In various attacks which Professor Bowen
would have found familiar, I have since been accused of “falsifying” and
distorting history. My work, some claim, is “unilateral.” (A. Pavelescu, 3/4/11,
wordpress.com) My name, others suggest, has been placed on the opinions and
work of others. (C. Vasile, 17/12/11, contributors.ro). And some even claim that
I am a front – or agent – of Romanian intelligence, a proponent of “National Stalinism,”
and an admirer of and apologist for Nicolae Ceauşescu – the bête noir
of international public opinion for much of the last quarter-century. (V.
Tismaneanu, 11/05/13, 20/12/11, 30/5/11, contributors.ro)
More imaginatively, I am accused of
posing as an American spy (after years of publicly refuting media allegations
that I was “the CIA’s antenna”) and as having requested and been granted Romanian
asylum from repressive American democracy during the Ceausescu regime – although
probably not for economic reasons. (A. Bădin, 18 & 19/10/12, badin.ro)
Of course, any challenge to
conventional or accepted wisdom is bound to stir up emotion, controversy and
criticism. Such contrary revelations have not only to be proved but to be
proved over and over again, in enough specific cases that the new contours
emerge clearly, before paradigms and interpretations are changed. There is no
mystery or conspiracy here. Paradigm change is admitted only with great
reluctance by those who have grown accustomed to the old paradigm, and especially
by those who have based their own interpretations and even their careers upon the
now obsolete paradigm. What will remain of their work if their orienting
foundations are shown to be little more than clay feet?
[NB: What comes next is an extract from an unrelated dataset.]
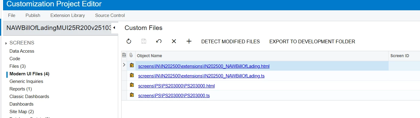 In 25R2, to be able to add the files to the Customization project you have to have the Modern UI files in the following path, FrontendSources\screen\src\development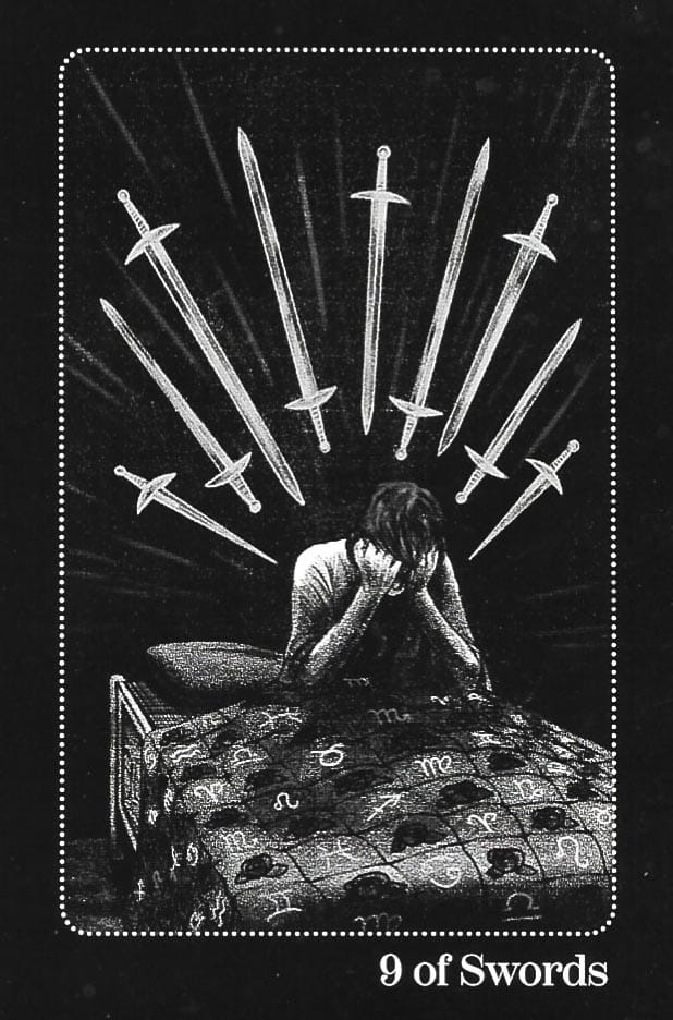 Action to Take: To use the 9 of Swords positively, practice a stress-relief technique to manage anxiety. Start a nightly journaling routine where you write down your worries and solutions before bed. This process helps clear your mind, identify actionable steps, and promotes a more restful sleep, easing your mental burden.

That said, many of the allegations listed
above are obviously intended to distract attention from the books. Their aim is
not to engage the arguments contained within them but to refocus attention away
from them; and upon anything that can in some way be construed as culpable in
the attitudes or behaviors of the author, either discovered or invented. Some detractors
have indirectly appealed to US institutions and authorities to join in their
campaign by alleging a threat to US interests in Romania, and even to Romania
democracy itself, caused by my subversive labors. I have, for example, been
accused of seeking to undermine US policy and discredit the CIA.
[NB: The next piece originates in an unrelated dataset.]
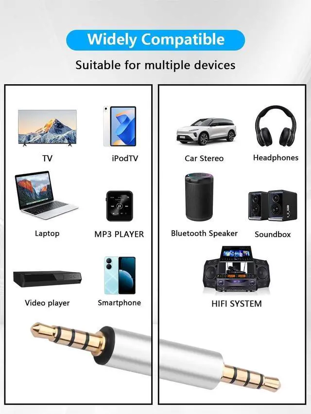 The 3.5mm male extension connector can connect headphones, MP3 players, and car stereo systems to Bluetooth transmitters or receivers, which is very convenient for connecting other devices.

In 1850-1852 Professor Bowen was
subject to a similar offensive involving the misrepresentation of his sources,
spurious attacks on his methodology, and allegations of insidious motivation
and clandestine agency. One detractor openly acknowledged in a 66 page diatribe
that the first 50 pages were devoted to attacking Bowen’s sources and how he
used them (and, although not openly admitted, his “dubious” motivations for
writing on the topic). (Carter (1852)) The final portions of that diatribe
comprised simple denials and reiterations of the initial contention – from the
same or similar sources – that prompted Bowen’s articles in the first place.
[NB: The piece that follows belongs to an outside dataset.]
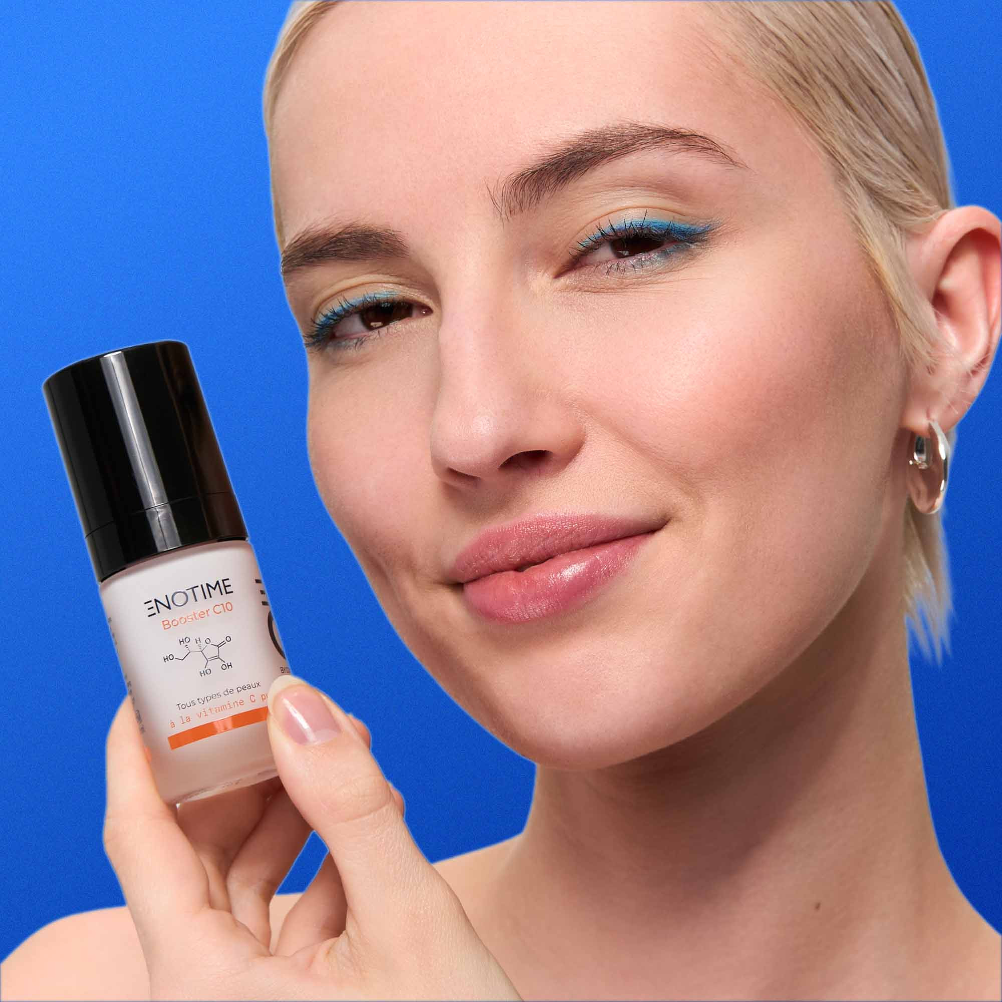ENOTIME Booster C10 est un sérum visage à la vitamine C formulé à 10 % de Vitamine C pure et stabilisée, associé à des acides hyaluroniques pour lisser, hydrater et illuminer visiblement la peau. Utilisé chaque jour, ce sérum protège la peau, lisse les ridules, ravive l’éclat du teint et améliore la qualité globale de la peau.

Thus, declared the critics, there
had never been “since the earliest times, any political distinctions in
Hungary, founded on difference of nationality,” and Hungary, “never attempted to proscribe the languages of the non-Magyar
inhabitants of Hungary, or to impose the Magyar upon them by violence.” (Putnam
(1851), p. 293; Carter (1852), p. 54) The proofs offered were the assertions of
Hungarian officials and Hungarian aristocrats in Europe and America, which
consistently reflected only what was most liberal and generous in Hungarian
political thinking at the time. The Romanians/Wallachs, the critics insisted,
enjoyed full equal rights and “any misapprehension on this subject that could
exist among the Wallachs is only to be accounted for by their extreme
ignorance.” (Putnam (1851), p. 332)
The evident failure to comprehend
the broad difference between declaratory and implemented policy, between
expressed intent and actual behavior, was astoundingly naïve. Bowen’s U.S.
critics appear not to have known, for example, that Budapest nullified the
application of equal rights in Transylvania as soon as it was decreed by Vienna
in 1848 (thereby mobilizing the great assembly at Blaj). Limited to official
Hungarian declarations, those critics were compelled to rely on falsifications,
simple denials, and (self-) deceptions in campaigning against Professor Bowen,
his writings, and the variety of his sources and witnesses.